Enable the NVIDIA vGPU with non SR-IOV support card

Hi,
I am testing support for NVIDIA’s Virtual GPU on OpenNebula 6.4, specifically with an NVIDIA Tesla T4, but I discovered that these cards do not support SR-IOV, or it does not work as expected.

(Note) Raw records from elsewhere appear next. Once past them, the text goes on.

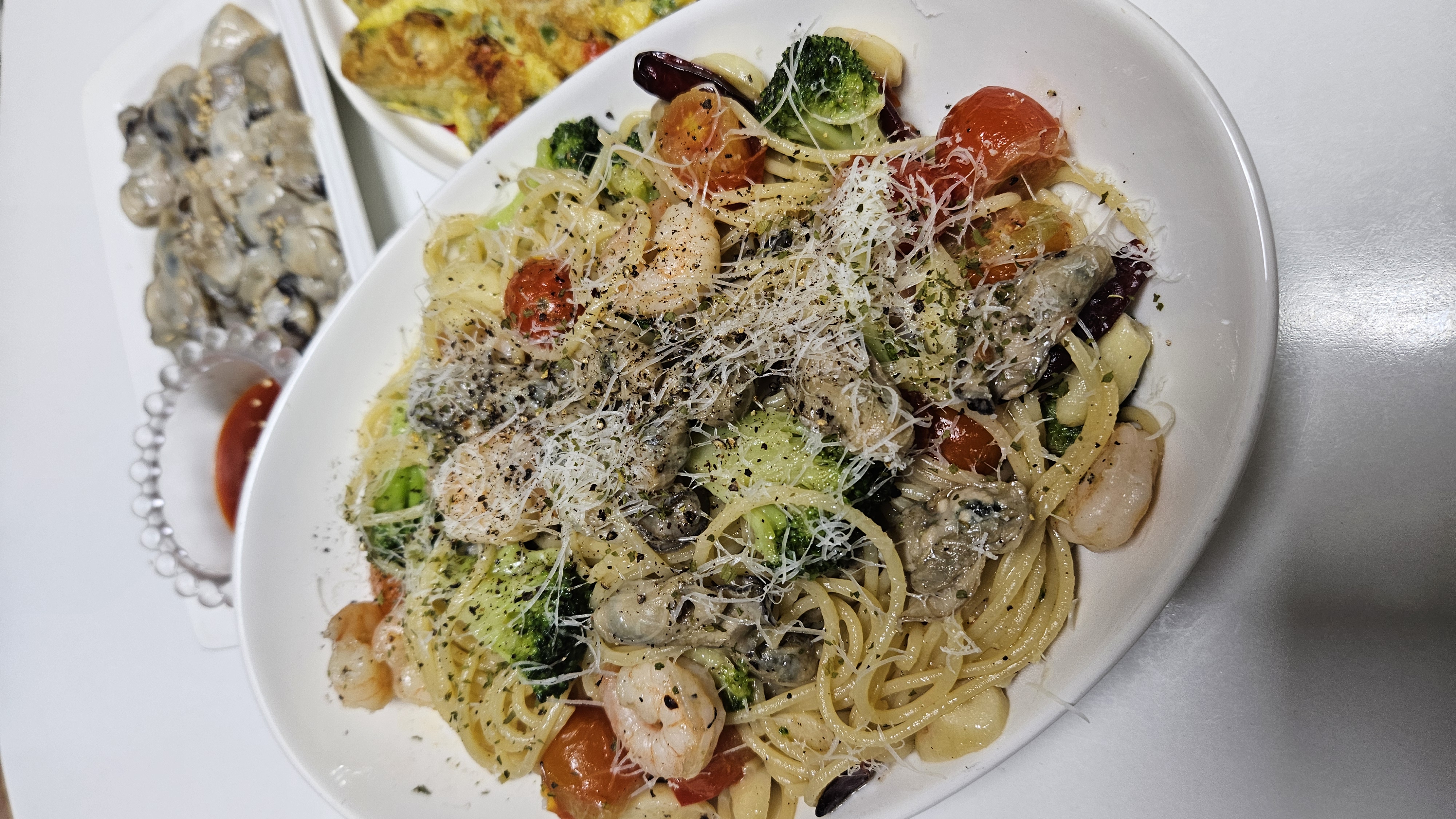 감바스에 파스타면이 빠질수 없죠!! 올리브유 소스에 파스타면까지 삶아 넣으면 굴새우 감바스 파스타!!! 크리스마스나 연말에 연초에 제철 굴로 만든 감바스
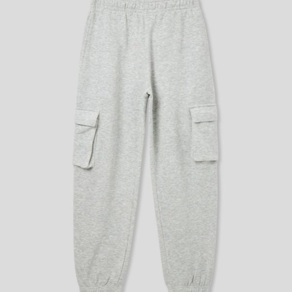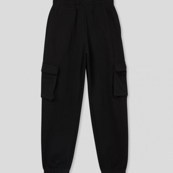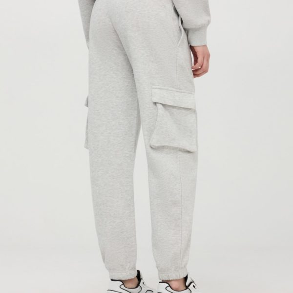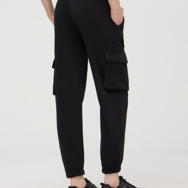 Women’s cargo trousers made from heavy solid fabric. The model features two front pockets and two side cargo pockets with flaps on the leg. These trousers combine functionality and style. The fit is relaxed with elastic at the waist and ankles, making them ideal for a casual look.
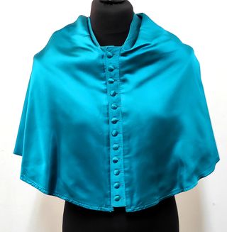 Muceta de traje académico en un vibrante color verde esmeralda. Ideal para ceremonias y eventos académicos. - Tejido satinado brillante. - Cierre frontal con botones. - Diseño tipo capa.
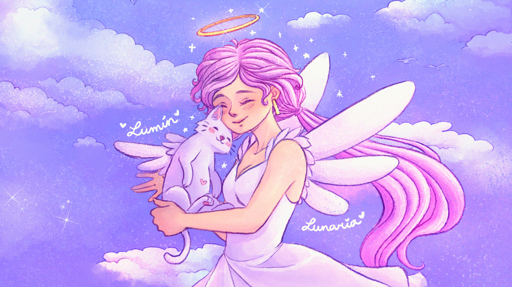 Let the calm and tender energy of Lunaria and her playful angelic kitten, Lumín, brighten your devices. This free wallpaper pack includes a dreamy illustration of these beloved characters, available in optimized resolutions for PC, mobile, and tablet.
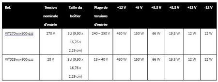 La nouvelle gamme d’alimentations conforme VITA 62 de Vicor Power Systems est conçue pour les systèmes Open VPX 3U et affiche une excellente efficacité et une densité de puissance inégalée dans un châssis durci refroidi par conduction. La gamme démarre avec des produits affichant une tension nominale d’entrée DC de 28 V ou 270 V, avec des tensions de sortie prédéfinies comprises entre 3,3 V et 12 V, fournissant jusqu’à 600 W de puissance. Les clients ayant besoin de tensions de sortie ou de niveaux de puissance différents peuvent demander une alimentation sur mesure répondant parfaitement à leurs propres exigences.
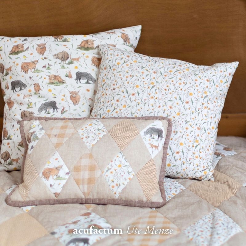 Einlaufen beim Waschen: | Die Baumwollstoffe können naturgemäß bis zu 5 % einlaufen. Deshalb empfiehlt Acufactum die Stoffe vor dem Vernähen (besonders in Kombination mit anderen Materialien) zu waschen. Im Trockner können die Stoffe zusätzlich einlaufen, ein hoher Schleudergang beansprucht den Stoff zusätzlich. |
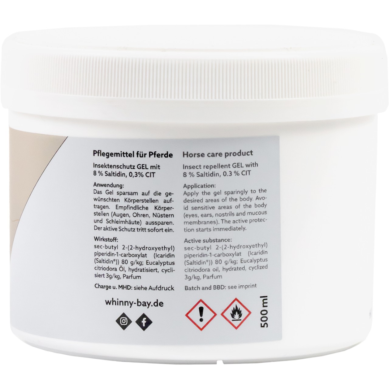 Das Insektenschutz Gel von whinny X bay enthält 8% Saltidin und 0,3% CIT. Diese Inhaltsstoffe sind sorgsam ausgewählt für eine zuverlässige Anwendung. Das Gel wird in einer handlichen 500 ml Verpackung angeboten, die einfach in der Handhabung ist und sich gut dosieren lässt.
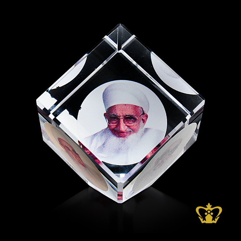 Color printed on crystal cube Burhanuddin Moula religious souvenir gift Bohra community
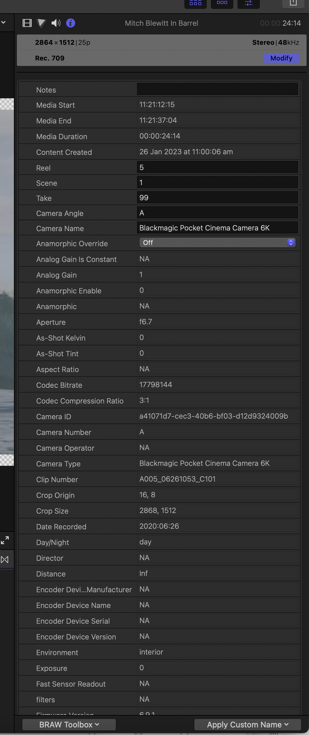 You can access it via the BRAW Toolbox Metadata View in the Info Inspector in Final Cut Pro.
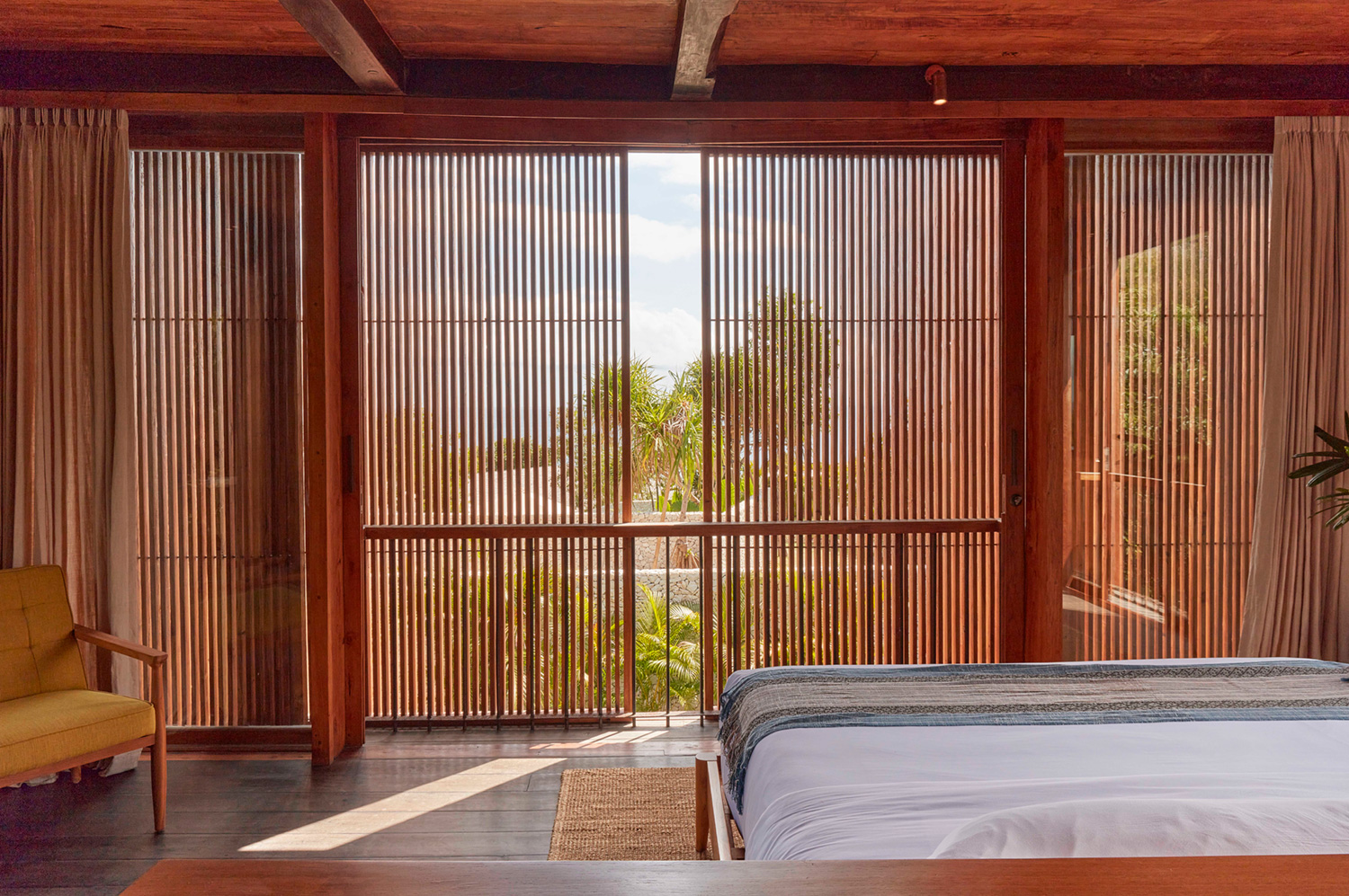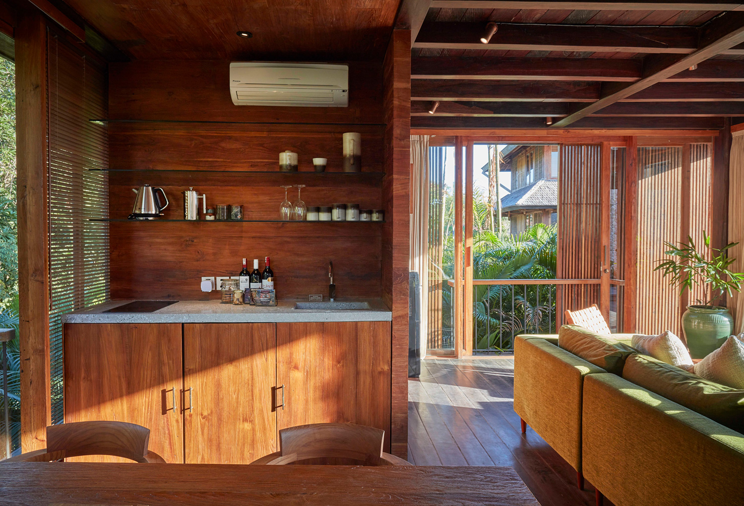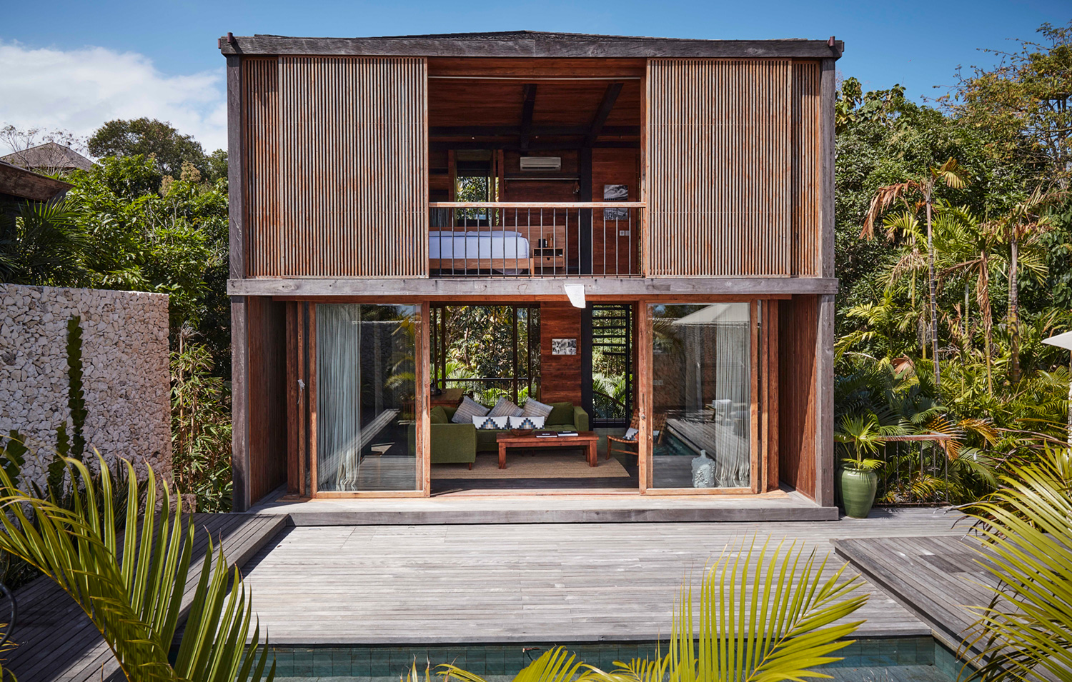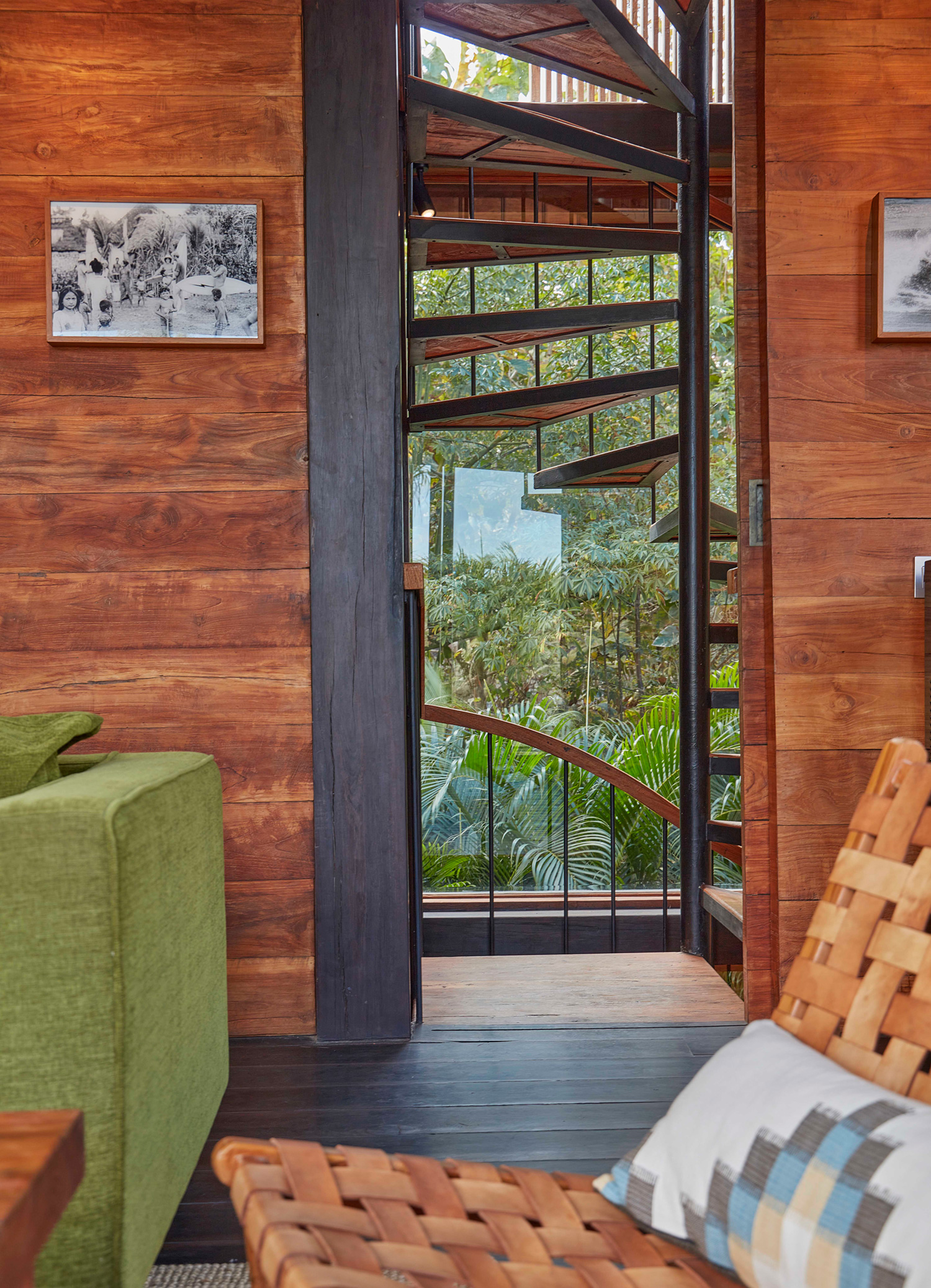 This two bedroom tropical modern villa is a three story tower with ocean and jungle views. This upright stretched cube is completely skinned with vertical slatted reclaimed Javanese teak and transforms into an open-air environment with floor to ceiling sliding walls that free the space on all four sides of the structure. A spiral staircase connects all floors.

Consulting the PCI device I can see that it supports SR-IOV

lspci -v -s 4b:00.0
4b:00.0 3D controller: NVIDIA Corporation TU104GL [Tesla T4] (rev a1)
	Subsystem: NVIDIA Corporation Device 12a2
	Physical Slot: 1
	Flags: bus master, fast devsel, latency 0, IRQ 18, NUMA node 1, IOMMU group 40
	Memory at de000000 (32-bit, non-prefetchable) [size=16M]
	Memory at 23fc0000000 (64-bit, prefetchable) [size=256M]
	Memory at 23ff0000000 (64-bit, prefetchable) [size=32M]
	Capabilities: [60] Power Management version 3
	Capabilities: [68] Null
	Capabilities: [78] Express Endpoint, MSI 00
	Capabilities: [c8] MSI-X: Enable+ Count=6 Masked-
	Capabilities: [100] Virtual Channel
	Capabilities: [258] L1 PM Substates
	Capabilities: [128] Power Budgeting <?>
	Capabilities: [420] Advanced Error Reporting
	Capabilities: [600] Vendor Specific Information: ID=0001 Rev=1 Len=024 <?>
	Capabilities: [900] Secondary PCI Express
	Capabilities: [bb0] Physical Resizable BAR
	Capabilities: [bcc] Single Root I/O Virtualization (SR-IOV)
	Capabilities: [c14] Alternative Routing-ID Interpretation (ARI)
	Kernel driver in use: nvidia
	Kernel modules: nouveau, nvidia_vgpu_vfio, nvidia

On the other hand, after install the NVidia vGPU driver I can see Host VGPU Mode: Non SR-IOV

nvidia-smi -q 
==============NVSMI LOG==============

Timestamp                                 : Fri Jan 26 14:57:49 2024
Driver Version                            : 535.129.03
CUDA Version                              : Not Found
vGPU Driver Capability
        Heterogenous Multi-vGPU           : Supported

Attached GPUs                             : 1
GPU 00000000:4B:00.0
    Product Name                          : Tesla T4
    Product Brand                         : NVIDIA
    Product Architecture                  : Turing
    Display Mode                          : Enabled
    Display Active                        : Disabled
    Persistence Mode                      : Enabled
    Addressing Mode                       : N/A
    vGPU Device Capability
        Fractional Multi-vGPU             : Supported
        Heterogeneous Time-Slice Profiles : Supported
        Heterogeneous Time-Slice Sizes    : Not Supported
....
    GPU Virtualization Mode
        Virtualization Mode               : Host VGPU
        Host VGPU Mode                    : Non SR-IOV

The documentation say if your GPU support SR-IOV use sriov-manage command to enable virtual functions and if not check the NVIDIA documentation.
For non SR-IOV I follow this guide to create virtual GPU.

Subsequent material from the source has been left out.